The coronavirus crisis has done a lot to make apparent where change in Israel is necessary. Red tape prevented state aid from reaching those who needed it in timely fashion. The public is up in arms over the bureaucracy, mainly at the Israel Tax Authority, which creates the perfect opportunity to stare down the wrath of the workers’ committee and implement reforms.

The pandemic revealed the Education Ministry’s inability to effectively control the schools. The last great reform was undertaken in 2008 and the time has come for a Dovrat 2 committee to explore changes like reforming the school calendar (for instance, putting an end to classes on Friday) and spinning off control of schools to local authorities.

Haredi society suffered an immense trauma when the pandemic pointed up their lack of modern education and alienation from the rest of Israeli society. Even if the ultra-Orthodox parties are powerful forces in government, they can’t ignore the calls for changes such as the need to expand the state-Haredi school system and to make way for vocational training.

Katz himself faces the problem of more than one million jobless. As much as there is a common desire for these people to return to their old jobs, the odds are that won’t happen for many – and that’s for the best. Many businesses learned that they can manage with a lot fewer workers, so Israel’s poor labor productivity should improve. That still leave hundreds of thousands unemployed and for them the government needs to provide effective retraining programs. The programs that now exist don’t meet the necessary standards.

The public sector was exposed as disconnected from the rest of the Israeli labor market, with its guaranteed jobs and pay and teachers who regard their full summer vacation as sacrosanct. Until now, the public sector has contributed almost nothing to the national effort to cope with the coronavirus.

Under Arnon Bar-David, the Histadrut labor federation has taken a new direction, and that’s an opportunity to reach an agreement on structural changes in the civil service – introducing more technology, more labor flexibility and pay based on excellence, not time served.

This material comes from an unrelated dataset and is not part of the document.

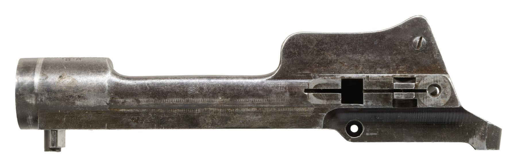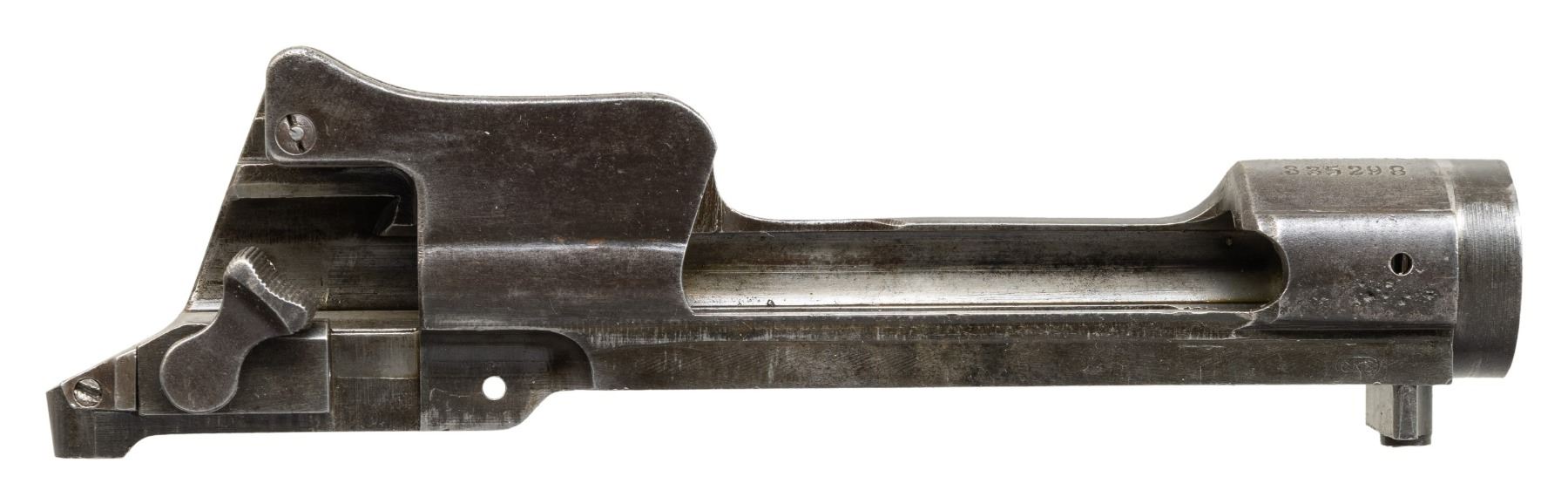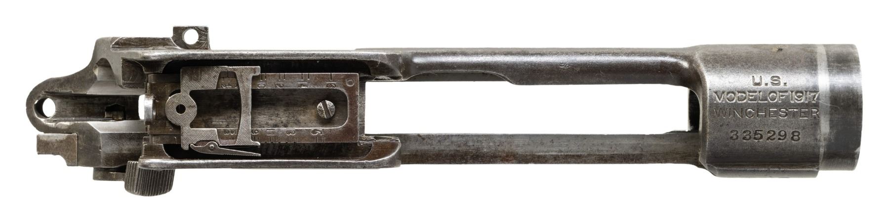 RECEIVER. S# 335298. Receiver ring is marked on top "U.S. / MODEL 1917 / WINCHESTER". Receiver has faint eagle acceptance mark on top of right rail and "flaming bomb" on left rail. Ladder rear sight marked "W". Spring is unmarked. Safety assembly is present. Receiver contains no additional parts. CONDITION: receiver retains traces of its original blue turning gray with areas of fine pitting. Notable area of pitting on right side of receiver ring just above wood-line. (25-3118/RW). MODERN. $100-200.

Three obstacles stand in the way of change. One is that Katz’s record for pushing through in depth reforms is a mixed one; the other is the rest of the government , of 35 ministers many of whom lack any real experience and others who have no interest in making any real changes.

The third is Netanyahu. The reformist finance minister of 2003 has become the self-interested prime minister of 2020. His insecurity deters him from appointing strong ministers who want to accomplish big things. In that context, Katz’s appearance by Netanyahu’s side at the opening the prime minister’s trial Sunday didn’t send the same positive signal as his letter to Schuster.